1. A rectangle has a constant area of 200 square meters and its length L is increasing at the rate of 4 meters per second.
a. Find the width W at the instant the width is decreasing at the rate of .4 meters per second.
b. At what rate is the diagonal D of the rectangle changing at the instant when the width W is 10 meters?
To solve this problem, we need to use the formulas for the area of a rectangle and the Pythagorean theorem.
a. To find the width W at the instant when it is decreasing at the rate of 0.4 meters per second, we will differentiate the area formula and solve for the width.
The area of a rectangle is given by the equation A = L * W, where A is the area, L is the length, and W is the width. Since the area is constant at 200 square meters, we have:
200 = L * W
Now, we need to differentiate both sides of this equation with respect to time (t) to find the rates of change of the variables. Since L is increasing at a rate of 4 meters per second, we have dL/dt = 4. Similarly, we are given that dW/dt = -0.4 (since the width is decreasing at a rate of 0.4 meters per second).
Differentiating the equation with respect to time:
d(200) / dt = d(L * W) / dt
0 = dL/dt * W + L * dW/dt
Substituting the given values:
0 = 4 * W + 200 * (-0.4)
Now, solve for W:
0 = 4W - 80
4W = 80
W = 20
Therefore, at the instant when the width is decreasing at a rate of 0.4 meters per second, the width W of the rectangle is 20 meters.
b. To find the rate of change of the diagonal D of the rectangle when the width W is 10 meters, we can use the Pythagorean theorem.
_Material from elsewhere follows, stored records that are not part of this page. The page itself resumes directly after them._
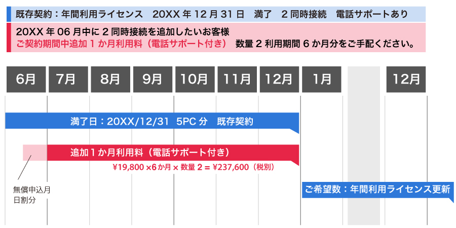 追加1か月利用料は、月額課金ではありません。追加の際は既存契約期間までのライセンスを購入する必要があります。
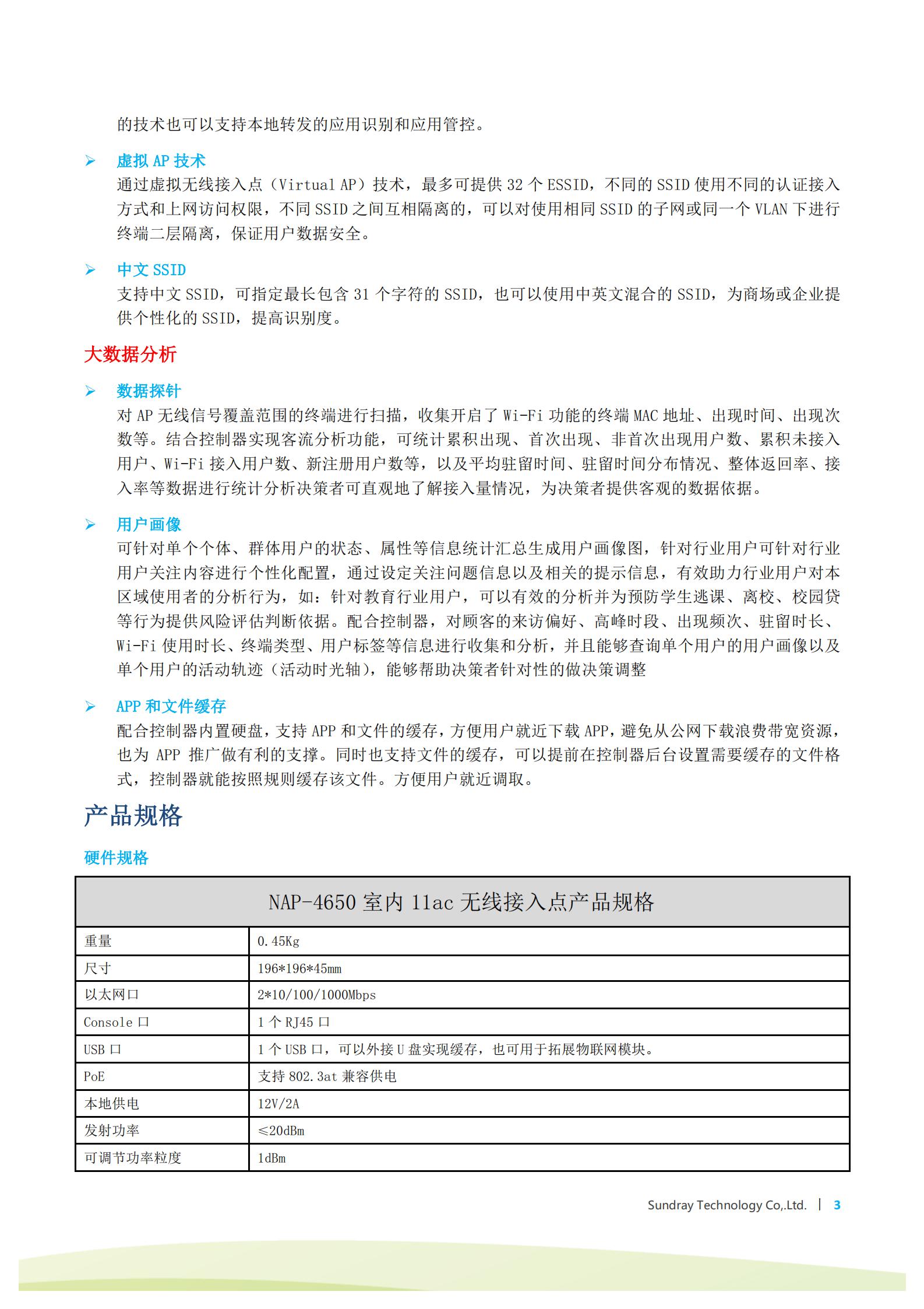 NAP-4650室內(nèi)無線AP內(nèi)置 3x3 MIMO高增益天線,支持11ac/a/n和11b/g/n雙頻并發(fā),整機較高可達1750Mbps,可提供更快的無線上網(wǎng)和更大的無線覆蓋范圍。產(chǎn)品高達1750Mbps的較大傳輸速率能夠輕松滿足各種無線業(yè)務(wù)的承載使用,如視頻、語音等多媒體業(yè)務(wù),并提供智能射頻、服務(wù)質(zhì)量保證、無縫漫游等.
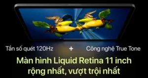 Màn hình 11 inch Liquid Retina của iPad Pro M2 2022 được gia tăng độ sáng lên mức 600 nits, công nghệ True Tone giúp dễ dàng chuyển đổi màu sắc hiển thị tùy theo bối cảnh ánh sáng môi trường, đảm bảo các khuôn hình luôn chân thật và dễ chịu với mắt.
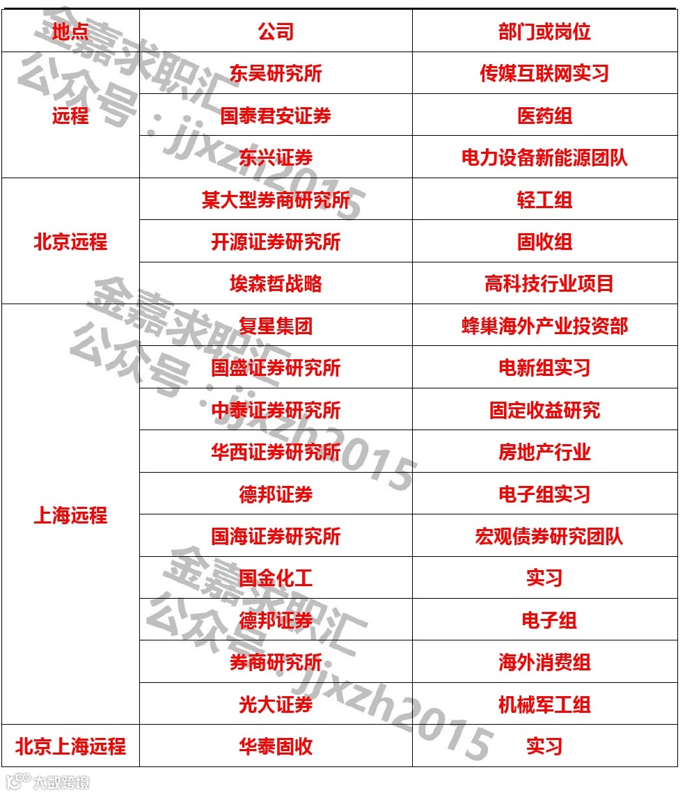 4、实习经验:了解行研基本工作,有券商/基金行研实习经验更佳;
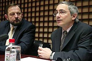 Branislav Bjelica, Serbian Deputy Justice Minister (left), with Douglas Wake, Deputy Head of the OSCE Mission to Serbia and Montenegro, at an expert discussion on asset seizure and the rule of law organized by the OSCE in Belgrade, 18 February 2005.
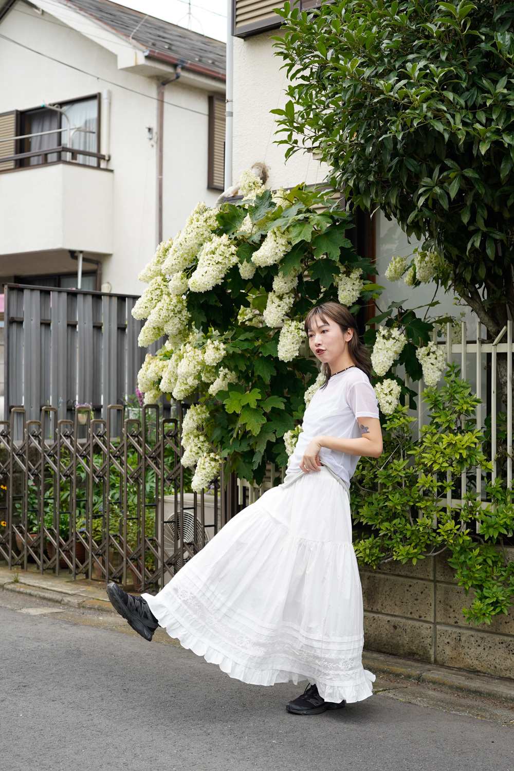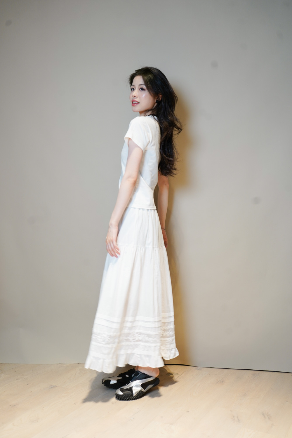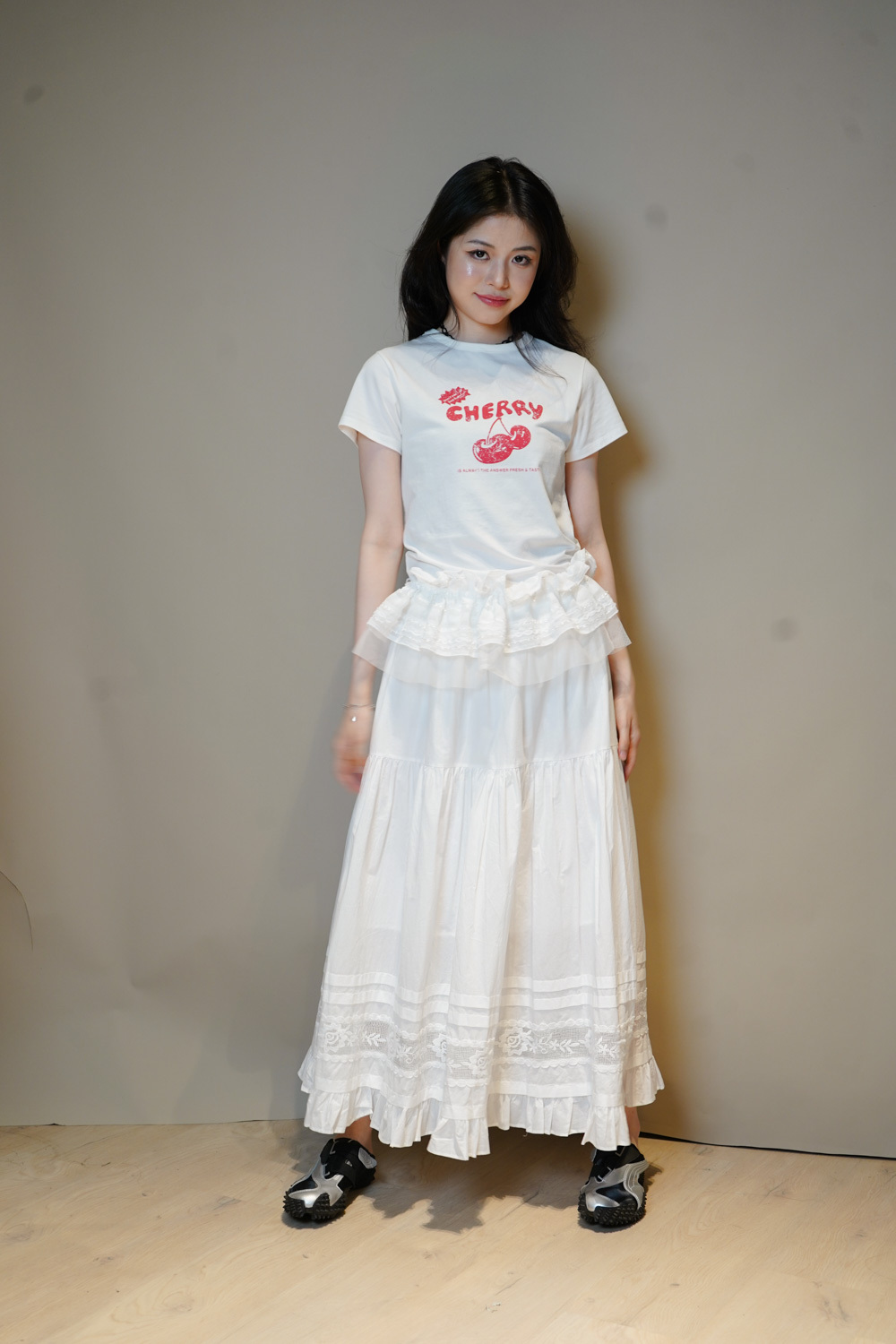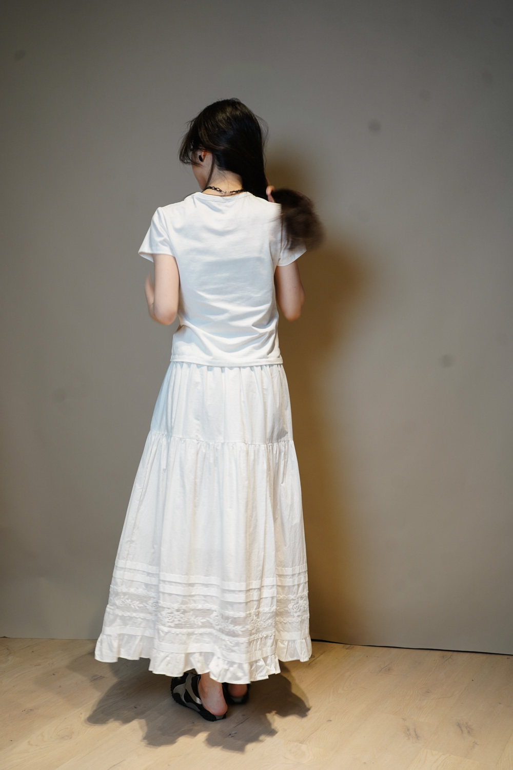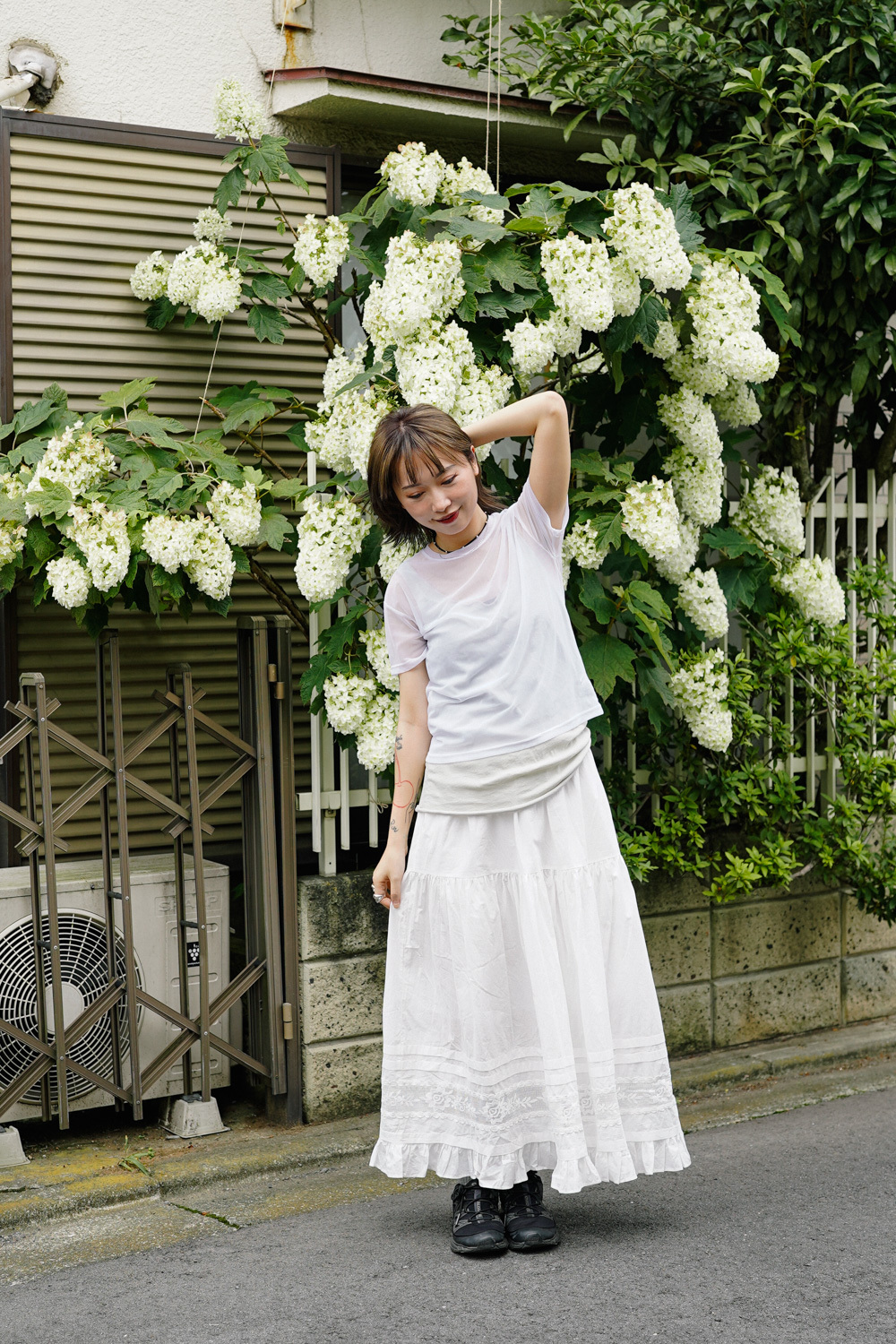Love~france rose lace long white skirt - Free size

The Pythagorean theorem states that the square of the hypotenuse (D) of a right triangle is equal to the sum of the squares of the other two sides (L and W). Therefore:
D^2 = L^2 + W^2
Differentiating both sides of this equation with respect to time (t):
2D * dD/dt = 2L * dL/dt + 2W * dW/dt
We can now substitute the known values into the equation:
D = √(L^2 + W^2) = √(L^2 + 10^2)
dL/dt = 4 (given)
dW/dt = ? (what we need to find)
L = ? (what we need to find)
W = 10 (given)
Since the area of the rectangle is constant at 200 square meters, we have:
L * W = 200
Therefore, L = 200 / 10 = 20
Now, substitute these values into the equation and solve for dD/dt:
2D * dD/dt = 2L * dL/dt + 2W * dW/dt
2D * dD/dt = 2(20) * 4 + 2(10) * dW/dt
Simplifying the equation:
dD/dt = (40 + 20 * dW/dt) / D
Now, substitute D = √(20^2 + 10^2) = √500 into the equation:
dD/dt = (40 + 20 * dW/dt) / √500
Finally, substitute the given value dW/dt = -0.4 and calculate the rate:
dD/dt = (40 + 20 * (-0.4)) / √500
dD/dt = (40 - 8) / √500
dD/dt = 32 / √500
Simplify the square root:
dD/dt = 32 / (10 * √5)
dD/dt = 16 / √5
Therefore, at the instant when the width W is 10 meters, the rate of change of the diagonal D of the rectangle is approximately 16 / √5 meters per second.